5.4.2 Clinical Comment: Lack of efficacy of the treatment of anaphylaxis with adrenaline may be due to several factors such as delayed administration at the point when circulatory collapse is already severe, the patient’s overall health, co-existing poorly controlled asthma, the amount of allergen exposure, poor or slow adrenaline absorption (perhaps due to a subcutaneous injection), and potentially, adrenaline resistance (for example due to concomitant betablocker medication). Lack of an initial response may require a second injection administered 5 to 15 minutes after the first. From the narratives of the cases reported to the MHRA the majority report difficulty in activating the device or failure of the device to activate. Many of the reports in the EVDAS database also relate to ‘device failure’. However the failure may not be a quality issue but more one of lack of training of the patient and/or carer who needs to be able to administer the adrenaline in an emergency situation. Although the percentage of devices reported to the MAH as possibly failing to deliver an effective dose is small, in a life threatening situation such as acute anaphylaxis even one failure may have fatal consequences. Of the 22 cases of ‘no or reduced effect’ from the auto-injector that were reported, 5 were associated with a fatal outcome. The possibility of providing two auto-injectors in a single pack has been proposed in order to facilitate the recommendation that the patient should always carry two auto-injectors with them. It is acknowledged that in some cases, a single injection is not sufficient to achieve a response for a number of reasons, including severity of attack as well as the possibility that a dose has not been effectively administered; a second injection may therefore be needed. If the patient routinely carries two auto-injectors this will provide a safeguard.

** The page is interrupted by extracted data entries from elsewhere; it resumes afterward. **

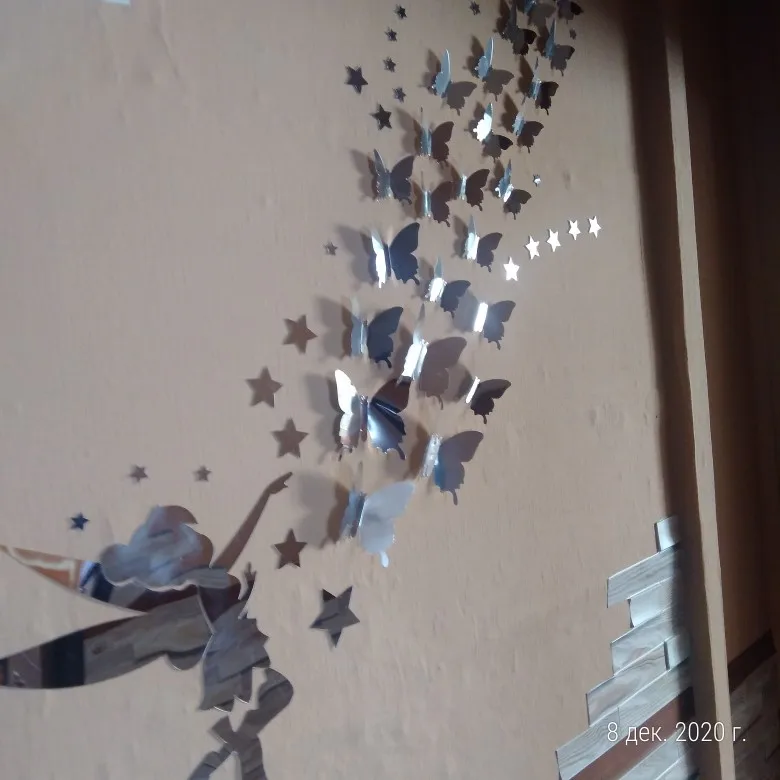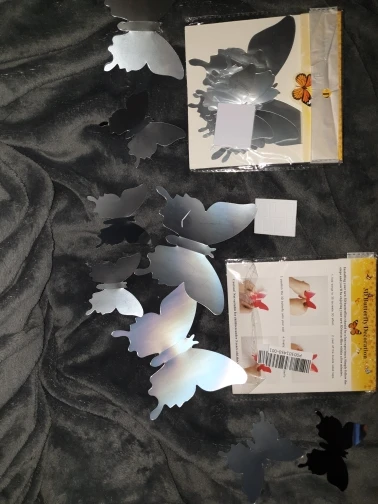 Доставка была осуществлена до назначенного времени. Бабочки дают хороший эффект, и в дополнение к цвету, который вы выбираете, можно использовать боковую часть серебристого цвета. Если двусторонний клей, с которым они прилипают к стене, он был больше, было бы лучше.
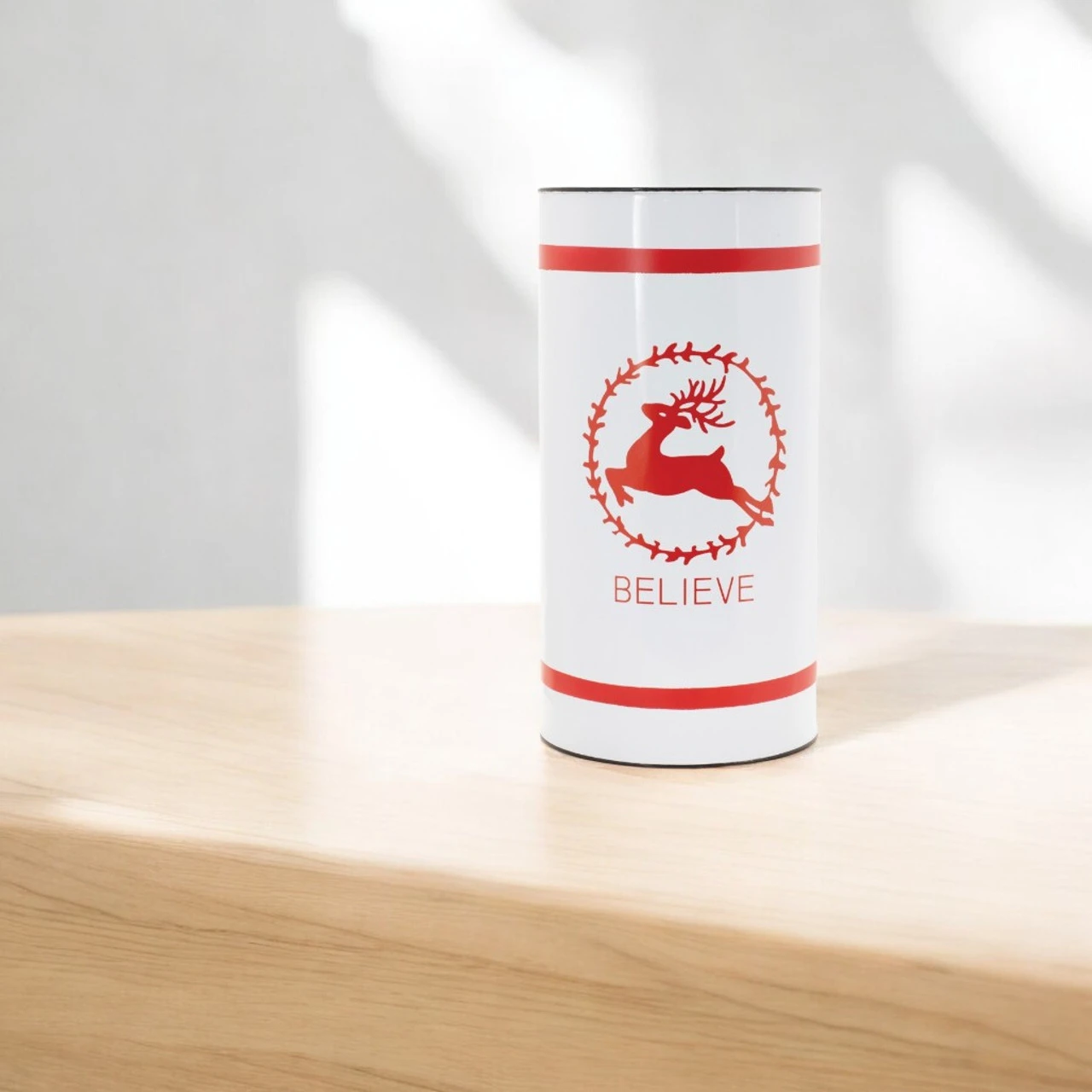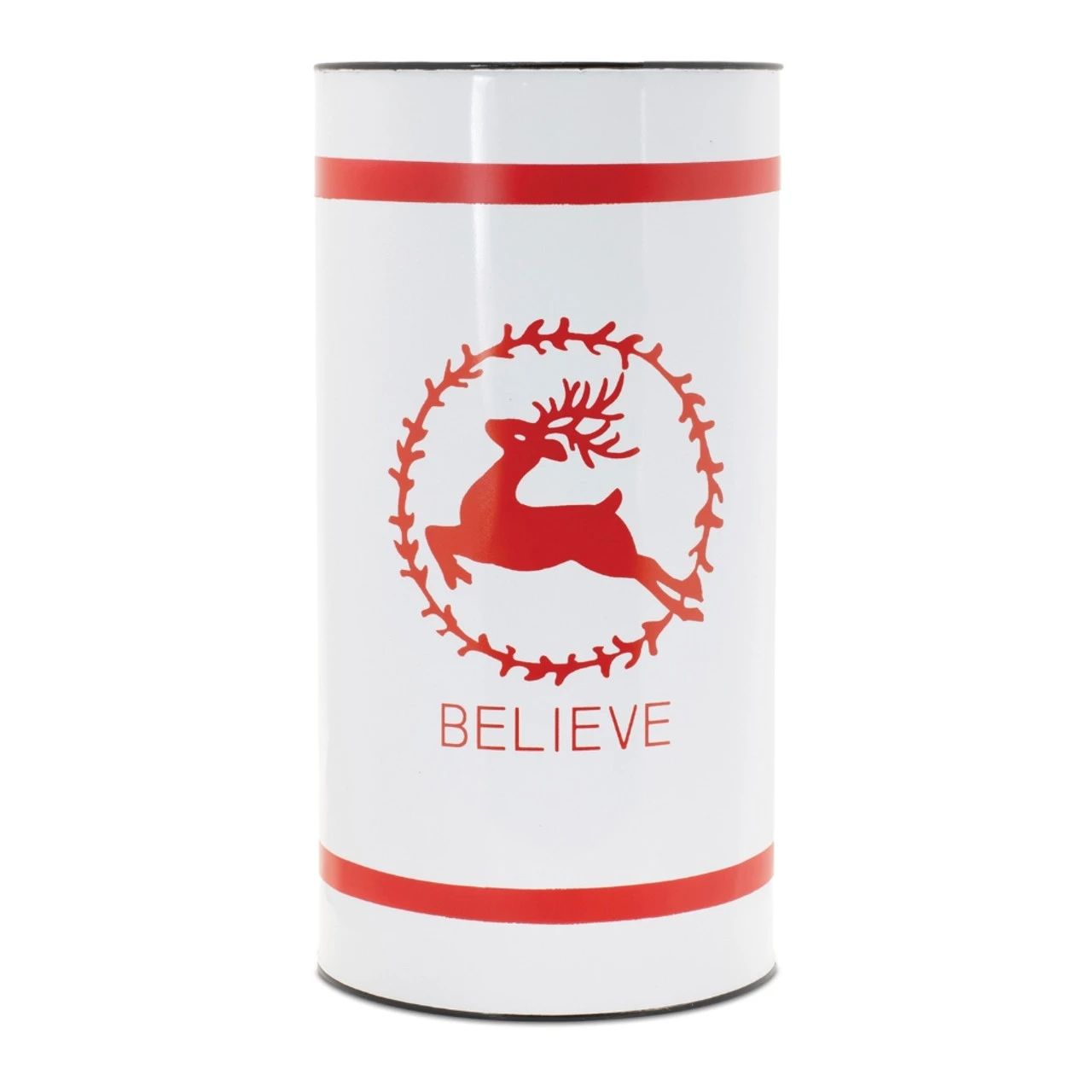 Spread holiday magic with this charming White “Believe” Holiday Container. Standing 14 inches tall and 8 inches in diameter, this iron container features a bold red reindeer design and the inspiring message “Believe.”
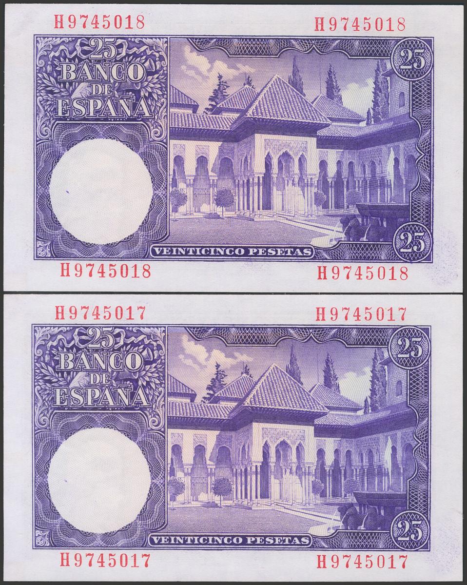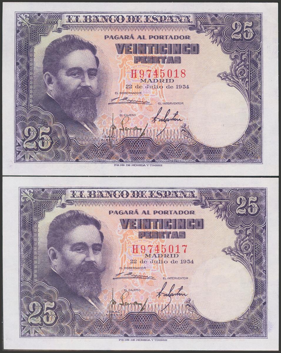 25 Pesetas. 22 de Julio de 1954. Pareja correlativa. Serie H. (Edifil 2017: 467a). Conserva todo su apresto original. EBC+.
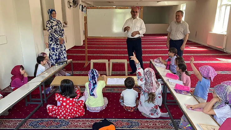 Müftü İmamoğlu ve Müftü Yardımcısı Şahiner, Örnekevler Camii ve Örnekevler Melek Hanım Kur'an Kursu ve Hacı Hüseyin Efendi Camiinde eğitim gören Yaz Kur'an Kursu öğrencilerini ziyaret ettiler.
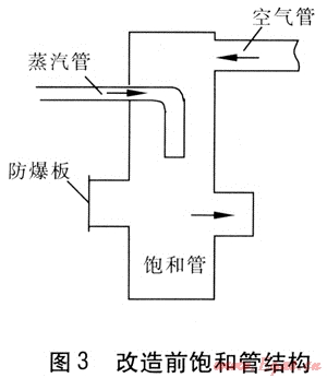 ④ 飽和管上裝有1塊0.5mm厚的退火鋁板作為防爆板,用于爐底部發(fā)生爆炸時(shí)泄壓。一方面,發(fā)生爐爐底爆炸時(shí)由于該防爆板采用平裝方式(見(jiàn)圖3),爆炸波和鋁片易傷到人;另一方面,蒸汽凝結(jié)水易對(duì)鋁板造成腐蝕,導(dǎo)致鋁板使用壽命縮短。
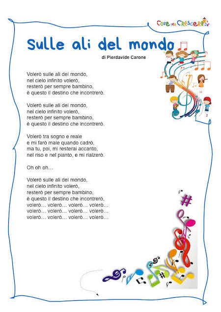 “Sulle ali del mondo” è la sigla del cartone animato “Le nuove avventure di Peter Pan” cantata Pierdavide Carone. Una canzone che è un inno all’avventura, un invito a cercare nuove esperienze, perfetta come canzone di fine anno scolastico e adatta sia ai bambini della scuola primaria che ai bimbi della scuola dell’infanzia. Proponiamo il video per ascoltarla, il testo da leggere online e da stampare gratuitamente per cantarla insieme! Per stampare il testo della canzone, scorri la pagina verso il basso e clicca sull’immagine del testo dove segnato: si aprirà una seconda finestra con il testo di “Sulle ali del mondo” in formato pdf, pronto per essere scaricato e/o direttamente stampato con una normale stampante.
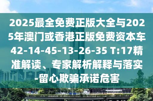 2025最全免費正版大全與2025年澳門或香港正版免費資本車42-14-45-13-26-35 T:17的精準解讀、專家解析解釋與落實
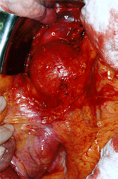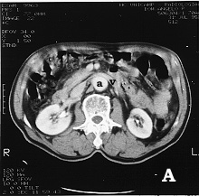 Figura 1: Tomografia computadorizada de abdome com contraste. A - imagem da aorta (a) na altura da veia renal E (v), revelando um calibre normal abaixo das artérias renais. B - imagem do maior diâmetro do aneurisma (a), com ausência de trombo mural, e C - imagem do aneurisma de ilíaca D (a1) com presença de trombo mural (t) e ilíaca E com diâmetro pouco aumentado (a2). |
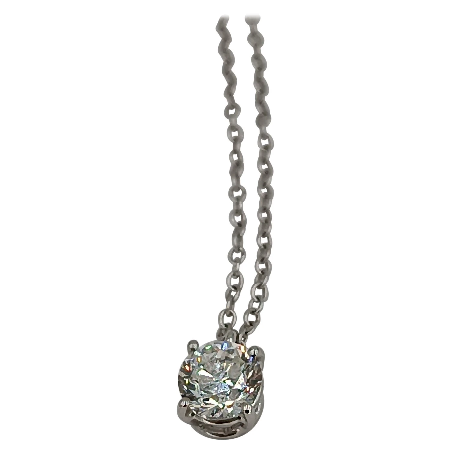 This timeless classic is all about the round brilliant cut stone, a magnificent 0.70 carat VS G color stone, mounted on a refined 18 carat white gold chain. the lenght of the necklace is 41 centimeters and the weight is 2.40 grams
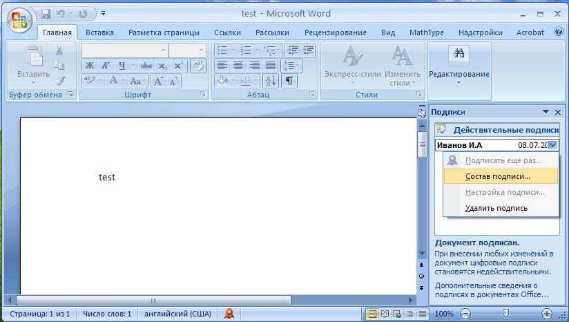 Как подписать документ ворд электронной подписью с использованием плагина КриптоПро office signature:
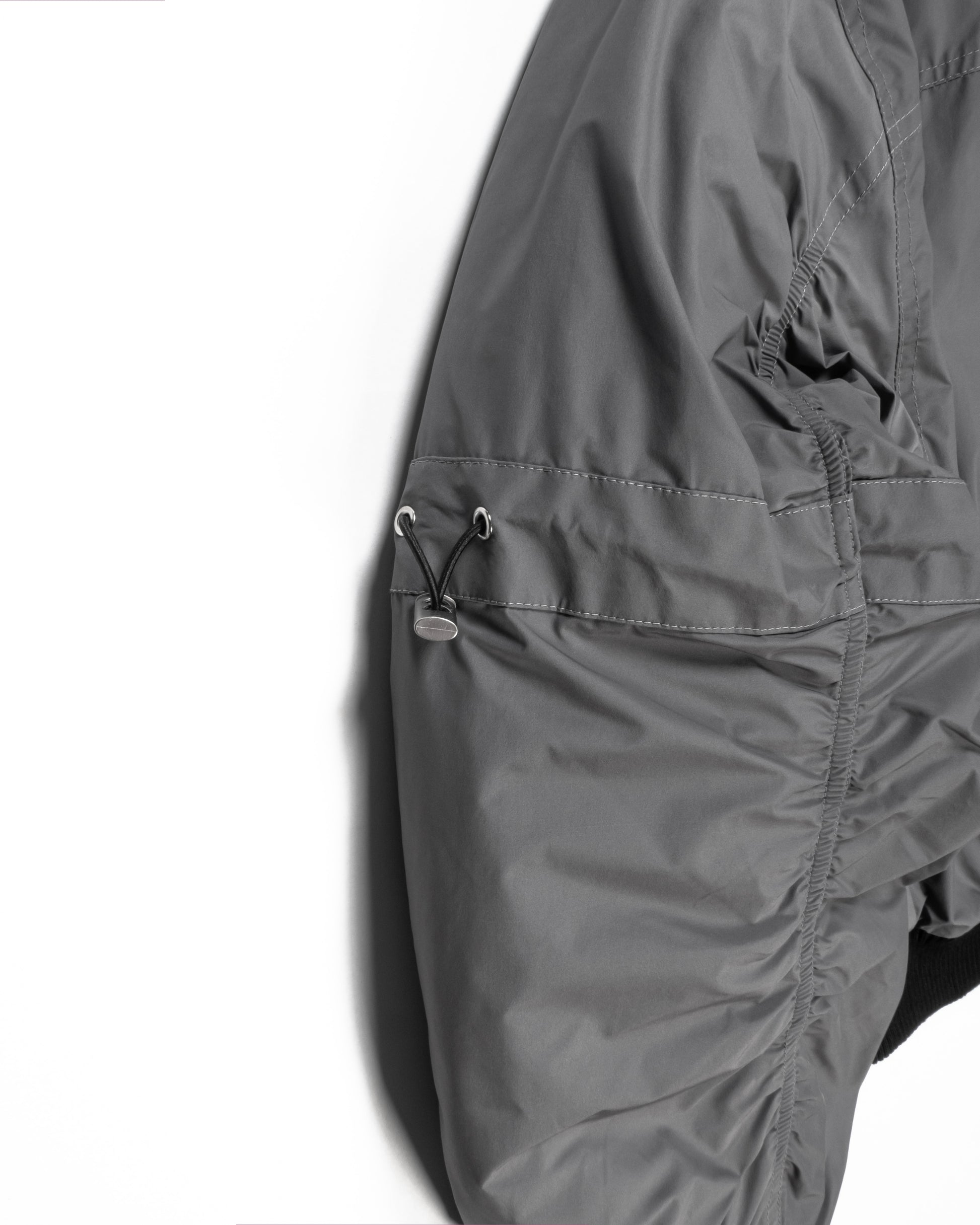 Ribbed collar. Long sleeves with gathered details. Concealed front closure. Two front flap pockets. Ribbed cuffs and hem. Shoulder details. Fully lined. Lightweight padding.

6 Discussion and recommendations The EpiPen® AAI was first licensed in the UK in 1996 for use in the treatment of acute anaphylaxis by non-medically trained staff or patients. The accepted optimal route of administration is by intramuscular injection into the anterolateral aspect of the mid-thigh and this is supported by limited pharmacokinetic data demonstrating that adrenaline by the intramuscular route is absorbed more quickly (shorter Tmax) and gives a higher maximum plasma concentration (Cmax) than by the subcutaneous route. This is important for a life-threatening condition such as anaphylaxis where swift treatment decreases the risk of a fatal outcome. However the data are sparse and mainly in healthy volunteers; no clinical trials have been conducted in anaphylaxis because of practical and ethical considerations. The recommendation that adrenaline is ideally administered by the intramuscular route in the community setting is accepted. The site of injection is accepted as the anterolateral aspect of the mid-thigh. The study by Stecher et al20 in children suggested that the distal thigh would provide a shorter distance to the muscle tissue but the risk of the needle hitting bone in this area is greater. This could lead to the needle not deploying correctly or breaking in the tissue or, theoretically, osteitis. It could be suggested that the distal thigh be recommended for more overweight and obese patients but recommending different sites in different situations could cause confusion. On balance it is accepted that the anterolateral aspect of the mid-thigh continues to be the recommended site of injection.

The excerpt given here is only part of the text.